■ **Provided material**:
##########

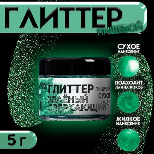 Глиттер кандурин "Сверкающий зелёный", фракция 50-500 µm, 5 г
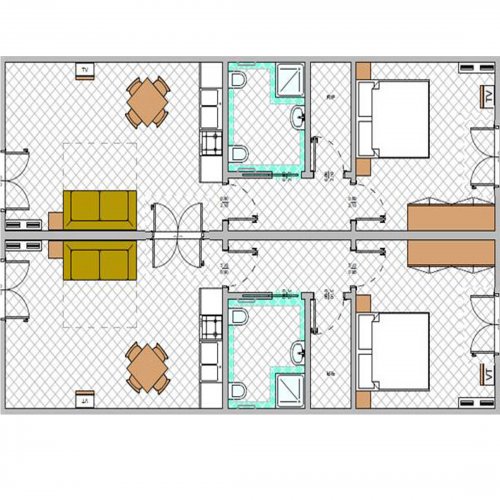 Camera quintupla: Si tratta di un appartamento per 5 persone di ca 70 mq con due ingressi indipendenti, composto da: soggiorno con angolo cottura con 2 Letti singoli o 1 matrimoniale (su disponibilità) oppure divano letto matrimoniale, comunicante con un altro appartamento composto da: soggiorno cucina con angolo cottura, divano letto matrimoniale, 1 pouf/Letto singolo, due bagni, 2Tv, doppio balcone e doppio gazebo (su disponibilità). In questa tipologia di camera non si accettano animali.
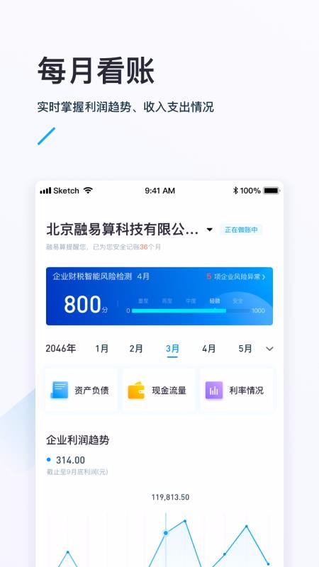 回顾历史财税,在可随时查看财务报表的情况下,能够对今年任意一个月的财务数据展开回顾。

##########

■ **Activity**:
From the line that holds "Camera quintupla: Si" down to the last line of the material above, every line is to be copied exactly, both ends included; pictures are to be omitted.

■ **Exercise output**:
 Camera quintupla: Si tratta di un appartamento per 5 persone di ca 70 mq con due ingressi indipendenti, composto da: soggiorno con angolo cottura con 2 Letti singoli o 1 matrimoniale (su disponibilità) oppure divano letto matrimoniale, comunicante con un altro appartamento composto da: soggiorno cucina con angolo cottura, divano letto matrimoniale, 1 pouf/Letto singolo, due bagni, 2Tv, doppio balcone e doppio gazebo (su disponibilità). In questa tipologia di camera non si accettano animali.
 回顾历史财税,在可随时查看财务报表的情况下,能够对今年任意一个月的财务数据展开回顾。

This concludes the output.